Optimizing low-volume prompts
Spending a careful afternoon on a prompt that runs ten times a day is effort that should have gone to a high-volume prompt instead. Let the intake ranking, not curiosity, decide what you work on.
Treating safety constraints as fair game
Guardrail language is the one category to exclude from compression entirely unless you can prove the behavior holds without it. The few tokens saved are never worth a compliance failure. The deeper risk analysis is in When Shrinking Prompts Quietly Degrades Your Output.
Sequencing the Plays
The plays form a pipeline for a new prompt and a maintenance loop for an existing one.
For a new prompt
Run one through five in order: baseline, harvest, surgical, stage, fallback. Then hand off to play six, which runs forever.
For an existing prompt
Start with the trigger that fired. A latency complaint sends you to play two or three. A model upgrade sends you straight to play six's re-validation step. Let the trigger, not the sequence number, decide your entry point.
Frequently Asked Questions
Do I have to run every play on every prompt?
No. The triggers decide. A low-volume prompt may never get past play one, and that is correct. The plays exist so that when a trigger fires you know exactly what to do, not so that you run all of them mechanically on everything.
Who should own the playbook overall?
A single prompt steward or small guild should own the standard and the drift-guarding play, while individual engineers own the compression of their own prompts. Splitting ownership this way keeps the system maintained without making one person a bottleneck for every change.
How long does running the full pipeline take for one prompt?
The obvious-bloat play is often an afternoon. The surgical play can take days because each cut needs its own measurement. Staging adds calendar time but little effort. Budget the bulk of your time for play three, which is where the careful, slow work lives.
What triggers a re-run on an already-compressed prompt?
A model change, a noticeable shift in your input distribution, a latency or cost complaint, or a failed drift check. Any of these sends you back into the pipeline at the relevant play rather than starting over from scratch.

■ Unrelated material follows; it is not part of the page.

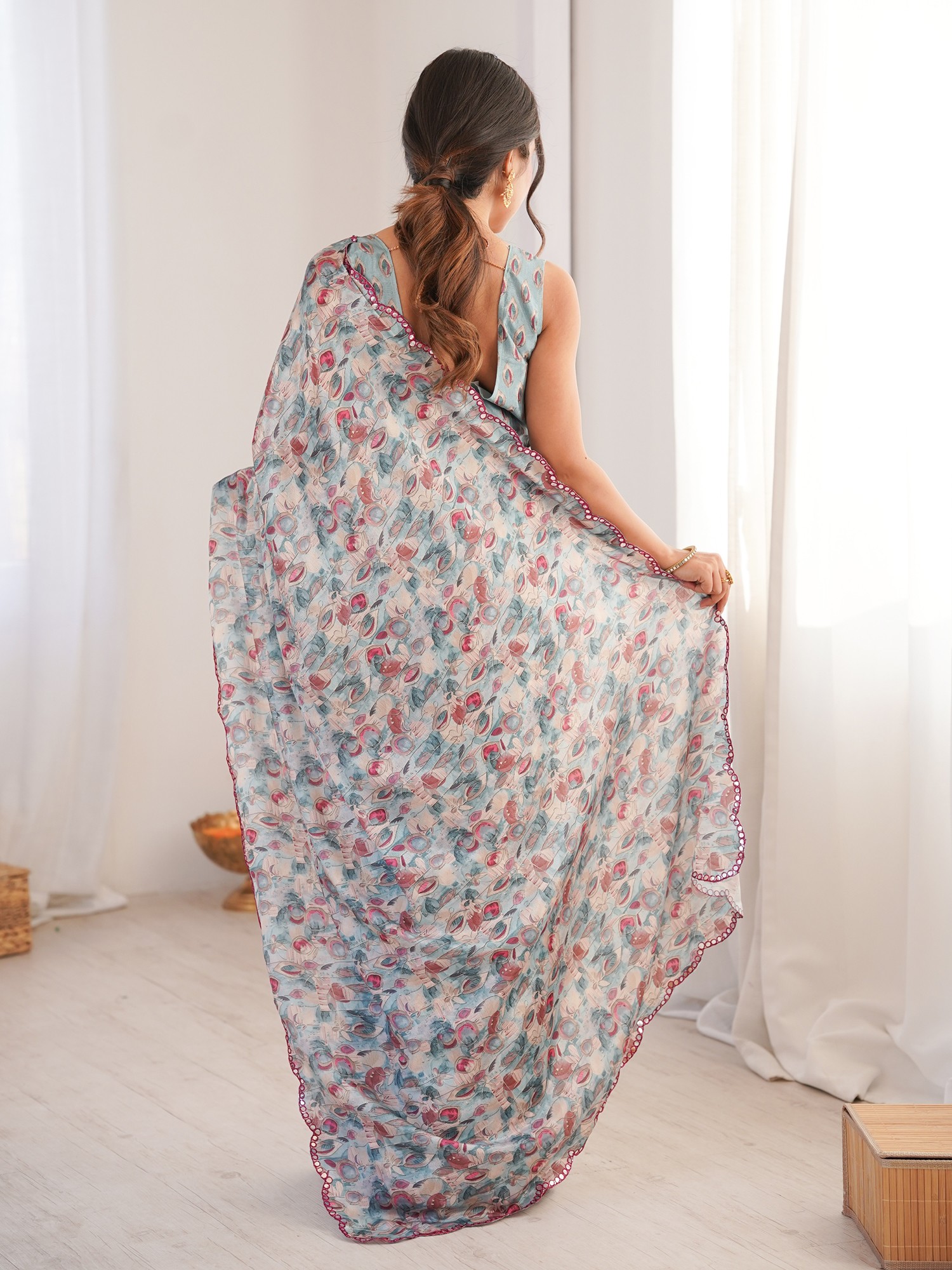 Designer Chinon Saree With Digital Print And Mirror Cut Work Elegant Festive Party Wear Traditional Saree For Women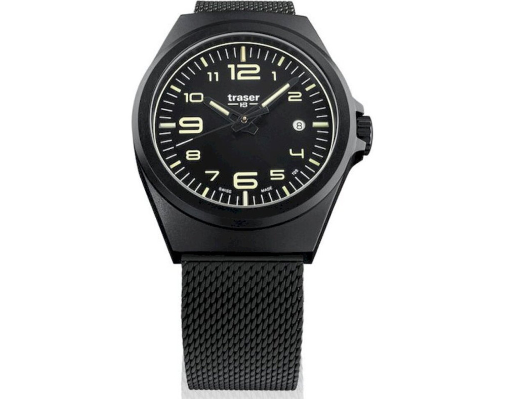 Кварц Мужчина Наручные часы Traser 108206, корпус Нержавеющая сталь, диаметр 42 mm, Минерал с обработкой сапфиром стекло, Черный циферблат и Черный миланская рубашка ремешок.

How do I keep the playbook itself from going stale?
Review it whenever a play repeatedly fails to catch a problem, or when a new model class changes what safe compression looks like. The playbook is a living document; update it from the incidents it misses.
Key Takeaways
- A playbook tells you which compression move to run, when, and who owns it, not just how.
- Always establish a measured baseline before compressing anything.
- Harvest obvious bloat first, then move to slow, surgical, one-change-at-a-time compression.
- Stage rollouts and keep a verbose fallback so failures stay contained and reversible.
- Run the drift-guarding play continuously, because drift quietly reverses every other gain.